OXFORD — On “a perfect day for racing,” about 500 mourners gathered on the Oxford Plains Speedway track and grandstand that Bob Bahre built to remember the man who became synonymous with Maine and New England auto racing.

Pallbearers carry the coffin of Bob Bahre from the hearse on the track at Oxford Plains Speedway in Oxford on Wednesday afternoon. Andree Kehn/Sun Journal Buy this Photo

The one-hour service at the Route 26 facility included prominent speakers from the racing world, including Ricky Craven and Ken Squier. It concluded with the hearse carrying Bahre’s casket for one last lap around the third-mile oval as mourners waved small checkered flags.
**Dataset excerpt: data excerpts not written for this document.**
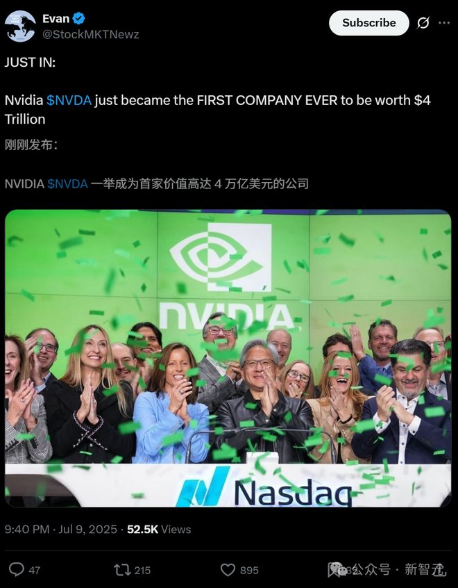 老黄封神!英伟达市值首破4万亿美元,全球第一
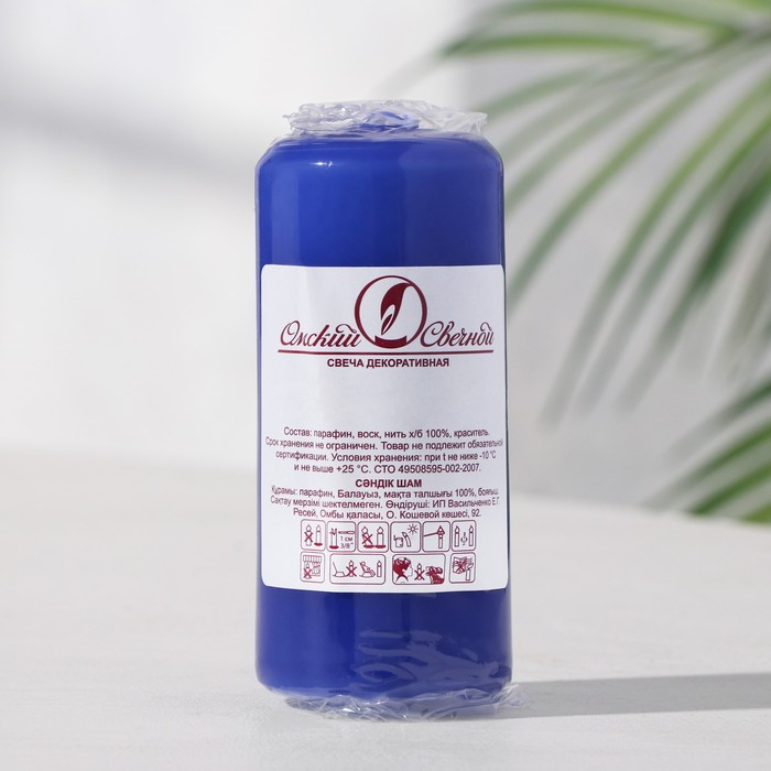 Свеча - цилиндр, 4х9 см, 11 ч, 90 г, синий — Характеристики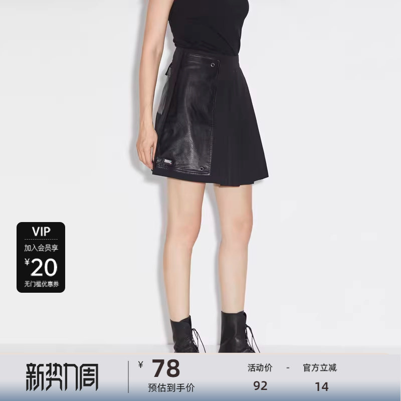 sdeer圣迪奥女装个性字母胶印皮质拼接A字百褶短裙S21381302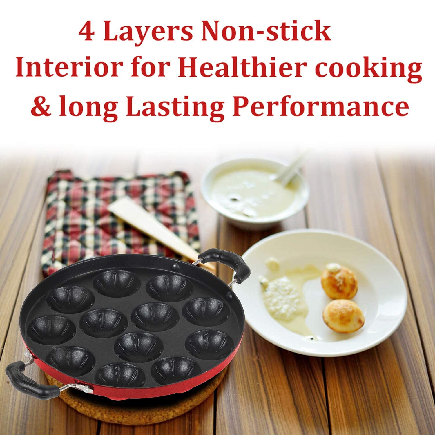 Now experience taste, high performance and health all in one place. The new and improved cookware makes cooking safer and your health better. Its new and improved coating ensures durability and poses no harm to food. All in all, smart cookware for a smart kitchen. This cookware comes with 12 pits. The cookware is designed with scratch and abrasion resistant technology, this cookware range has extreme ability to resist scratches and corrosion on non-stick surface making it extremely durable.We considered all the details and decided that only the best would do. We wanted a pan that would stand up to tough conditions and so we chose a coating that was scratch resistant and durable for your peace of mind. Make fresh Appam, Vegetables, Eggs, Stir-fry, and more!Detailed Specifications: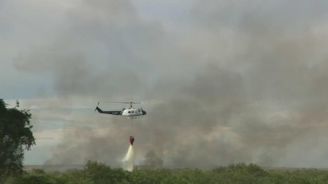 Helicopters are making water drops in an effort to contain the wildfire which has already burned 42, 000 acres.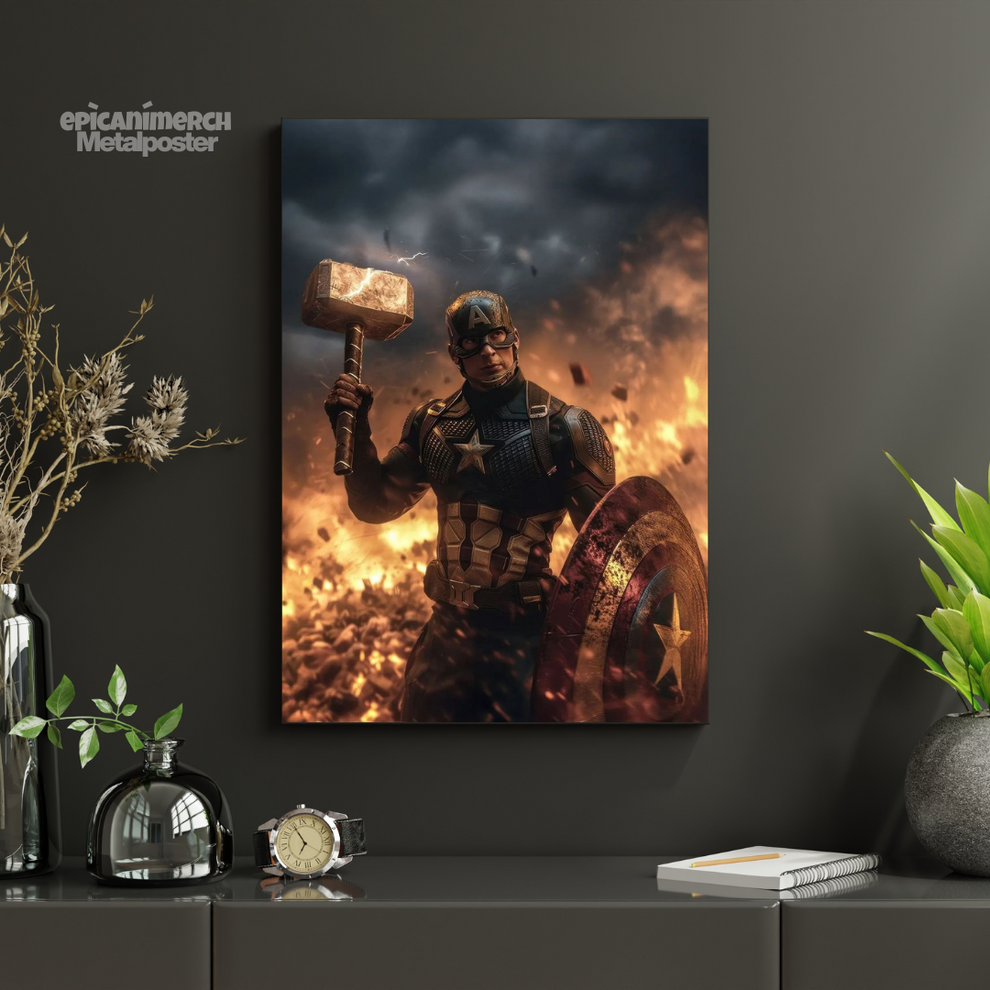 Captain America With Shield And Hammer Metal Print – Superhero Wall Art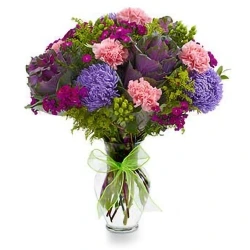 Surprise your special ones by sending this Merry Morning with Alstromeria and Carnations basket and spread love and happiness around. This flower gift basket contains: 1. Colorful Carnation Variety 2. Alstroemeria N Button Poms 3. A Clear Glass Vase 4. Vase measures 8in H x 4in D 5. A Greeting Card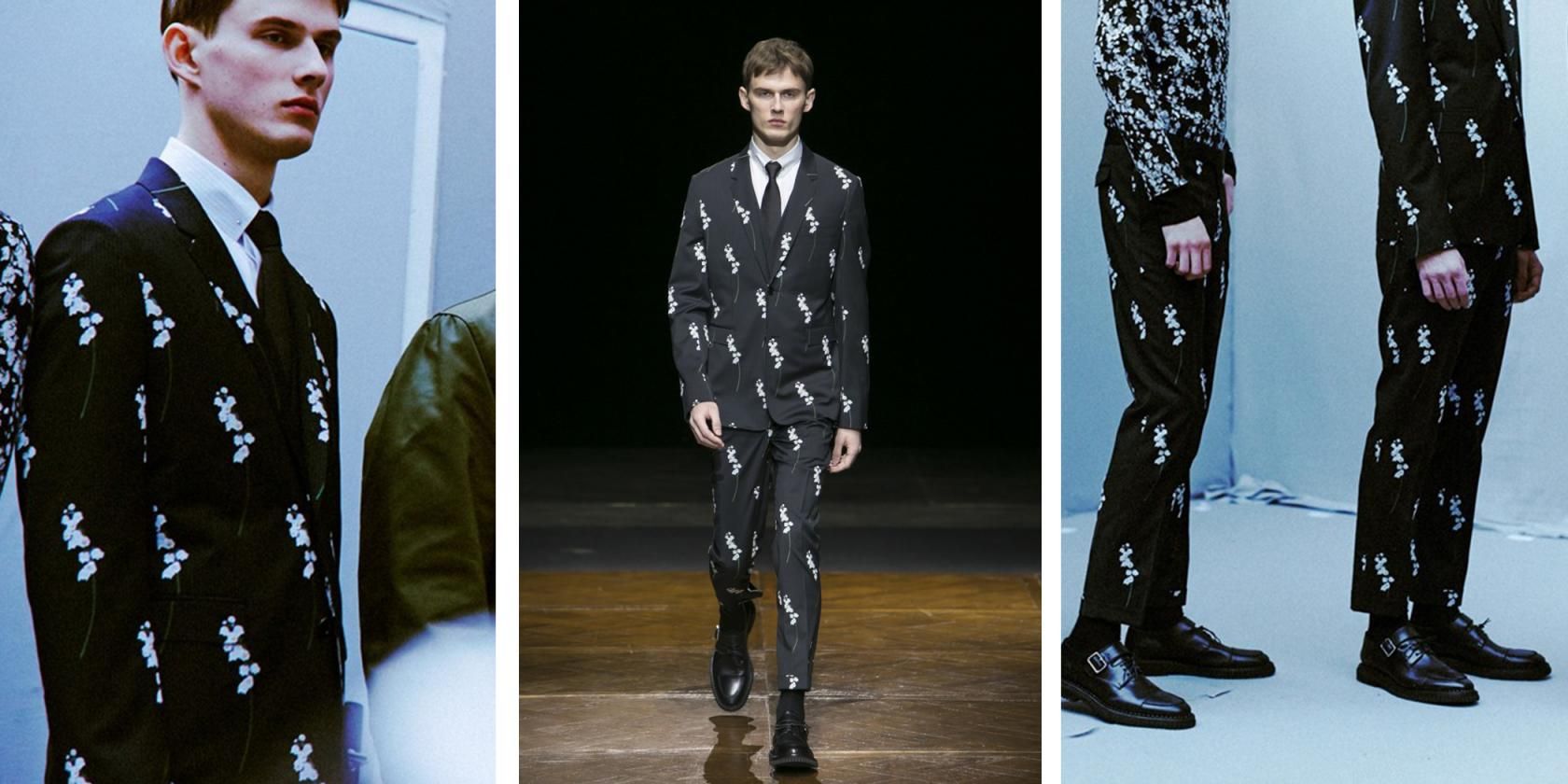 Il fiore preferito di Monsieur Dior, appuntato ai severi completi gessati, brilla prezioso e solenne come una medaglia alla classe e allo charme o punteggia pantaloni e giacche in stampe all over: una danza che anticipa la primavera.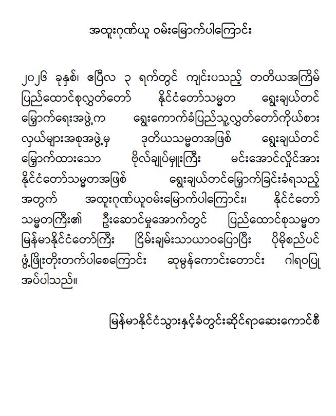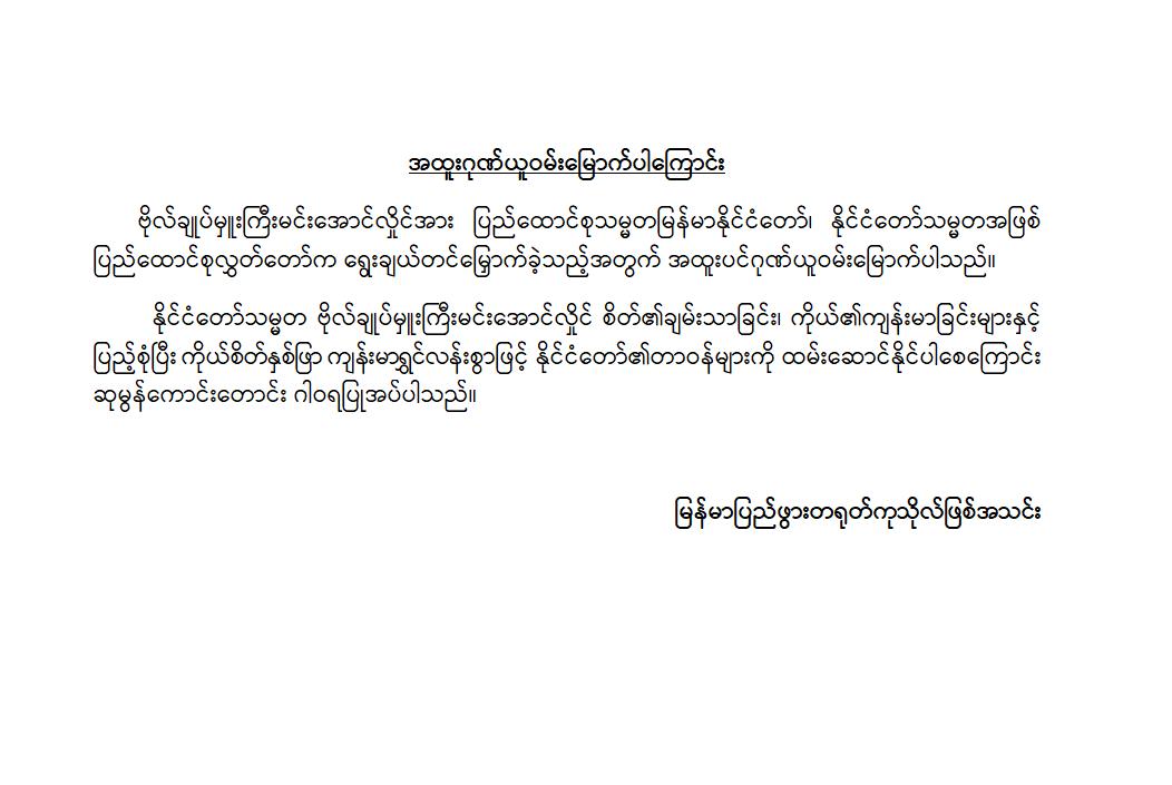 အဆိုပါ ထုတ်ပြန်ကြေညာချက်များတွင် ပြည်ထောင်စုသမ္မတမြန်မာနိုင်ငံတော်၊ နိုင်ငံတော်သမ္မတအဖြစ် ဗိုလ်ချုပ်မှူးကြီး မင်းအောင်လှိုင်အား ပြည်ထောင်စုလွှတ်တော်က ရွေးချယ်တင်မြှောက်ခဲ့သည့်အတွက် အထူးဂုဏ်ယူဝမ်းမြောက်မိပါကြောင်း၊ နိုင်ငံတော်သမ္မတကြီးနှင့် အစိုးရအဖွဲ့သစ်အနေဖြင့် ပါတီစုံဒီမိုကရေစီစနစ်သို့ ညင်သာအောင်မြင်စွာ ကူးပြောင်းနိုင်ပြီး ပြည်သူသာအမိ၊ ပြည်သူသာအဖဆိုသည့် မူဝါဒနှင့်အညီ ပြည်သူလူထုအမှန်တကယ် လိုလားတောင်းတနေသော ထာဝရငြိမ်းချမ်းရေး၊ တရားဥပဒေစိုးမိုးရေး၊ လူမှုစီးပွားဘဝ မြှင့်တင်ရေးနှင့် “ကမ္ဘာမှာ မြန်မာဟေ့” လို့ ရင်ပေါင်တန်းနိုင်ရန် အောင်မြင်စွာဖြတ်သန်းနိုင်ပြီး နာယကဂုဏ်(၆)ပါးနှင့်အညီ ကျင့်ကြံအုပ်ချုပ်နိုင်ပါမည်ဟု အပြည့်အဝအားကိုးယုံကြည်ပါကြောင်း၊ နိုင်ငံတော်သမ္မတ ဗိုလ်ချုပ်မှူးကြီးမင်းအောင်လှိုင် စိတ်၏ချမ်းသာခြင်း၊ ကိုယ်၏ကျန်းမာခြင်းများနှင့်ပြည့်စုံပြီး ကိုယ်စိတ်နှစ်ဖြာကျန်းမာရွှင်လန်းစွာဖြင့် နိုင်ငံတော်၏တာဝန်များကို ထမ်းဆောင်နိုင်ပါစေကြောင်း ဆုမွန်ကောင်းတောင်း ဂါရဝပြုအပ်ပါကြောင်း၊ ပြည်ထောင်စုသမ္မတ မြန်မာနိုင်ငံတော်ကြီး ငြိမ်းချမ်းသာယာဝပြောပြီး ပိုမိုစည်ပင်ဖွံ့ဖြိုး တိုးတက်ပါစေကြောင်း စသည်ဖြင့် ပါရှိကြောင်းသိရှိရသည်။

Bahre died Friday at his Paris Hill home at age 93.

The speakers and mourners remembered him not only as a racing visionary and entrepreneur who brought legendary racers to Oxford and started the renowned Oxford 250, but as a brilliant businessman, mentor and friend.

Standing on a stage flanked on each end by a stock car, Craven, a former NASCAR racer from Newburgh and current FOX Sports racing analyst, explained the personal and professional influence Bahre had on his life. He recalled how Bahre helped him get his racing career back in gear after Craven was seriously injured in a 1997 crash at Texas Motor Speedway.

In the midst of a 2001 practice at New Hampshire International Speedway in Loudon, Craven remembered, Bahre drove him to the home of an ill New Hampshire woman.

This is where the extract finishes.